信雄家臣団の切り崩しを図った秀吉は、雄光・岡田重孝(おかだ しげたか)・浅井長時(あざい ながとき。尾張浅井氏)らが「羽柴陣営と内通している」という噂を流しました。
寝返るよう調略を仕掛けたものの、3人とも頑として忠義を貫いたため、ならば殺させてしまえと思ったのでしょうね。まさに「啼かぬ(なびかぬ)なら 殺させてしまえ ホトトギス」と言ったところでしょうか。
古来「噂を信じちゃいけないよ」とはよく言ったものですが、秀吉の流した噂をすっかり真に受けた信雄は、土方雄久に命じて3人とも粛清してしまったのです。時に天正12年(1584年)3月6日。

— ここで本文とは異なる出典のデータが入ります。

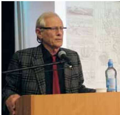
Доклад норвежского исследователя В. Гортера

зованию северных территорий, вопросам сохранения и популяризации художественного наследия Русского Севера. Логическим итогом работы секции стали предложения в адрес министерства культуры и министерства образования и науки Архангельской области по ускорению темпов музеефикации памятников культуры с целью включения региона в туристический кластер «Серебряное кольцо России» и финансовой поддержки школьного туризма с целью изучения памятников истории и культуры региона, популяризации краеведческих знаний. Кроме того, участники и слушатели высказали пожелание организовать единое информационное пространство краеведов-исследователей на основе специального сайта на базе Интеллектуального центра научной библиотеки САФУ, Архангельского областного краеведческого музея или иной организации. В рамках культурной программы все участники смог-
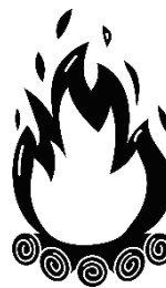
das Lagerfeuer, -
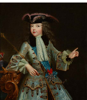
Louis XV par Augustin-Oudart Justinat
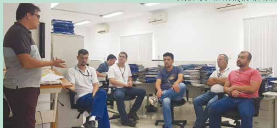
A Diretoria fez assembleia para aprovar a pauta na unidade de Registro
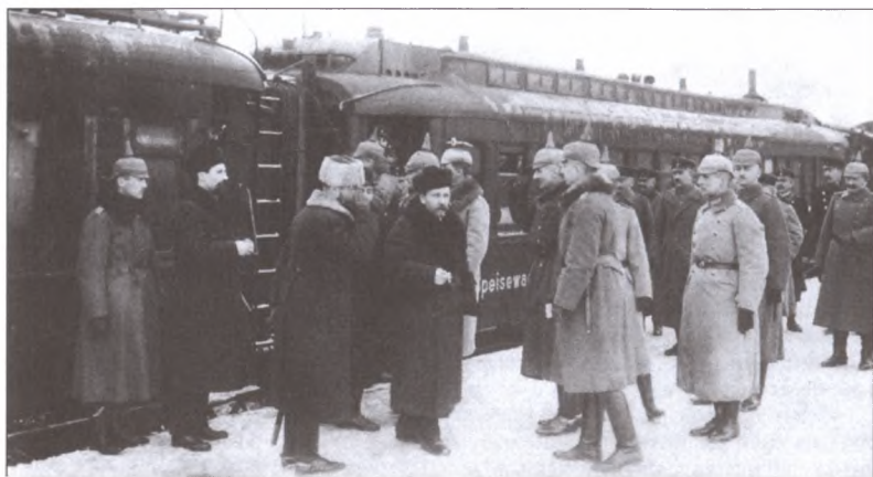
Приезд советской делегации на мирные переговоры в Брест-Литовск. Встреча на вокзале. Декабрь 1917 г.
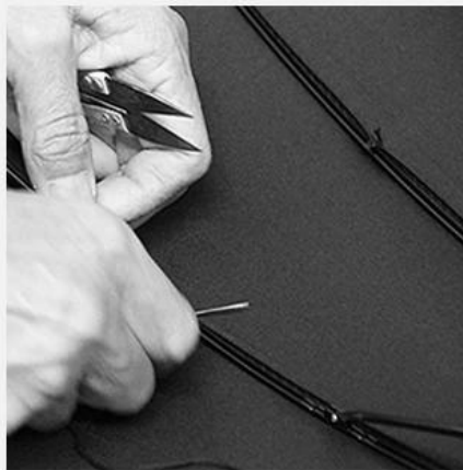
5. SEW UP
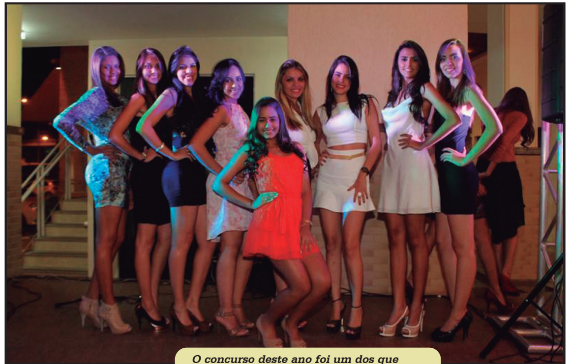
O concurso deste ano foi um dos que mais atraiu candidatas ao Miss Guará

優秀で忠実な補佐役を失った信雄など恐るるに足りぬとばかり、秀吉は信雄に宣戦布告。これが小牧・長久手の合戦につながるのでした。
津川雄光・基本データ
- 生没:生年不詳~天正12年(1584年)3月6日没
- 改名:津川義永→津川近治→津川義冬→津川雄光
- 通称:玄蕃允・源三郎
- 官位:従五位下(『武衛系図』)
- 主君:織田信長→織田信雄
- 両親:斯波義統/生母不詳
- 兄弟:斯波義銀、自分
- 妻妾:北畠具教女
- 子女:不詳
- 死因:暗殺(流言飛語を信じた信雄による粛清)
終わりに
今回は織田信長・信雄の二代に忠義を尽くした津川雄光の生涯をたどってきました。まんまと謀略にはまった信雄の手で暗殺されてしまった無念は、いかばかりでしょうか。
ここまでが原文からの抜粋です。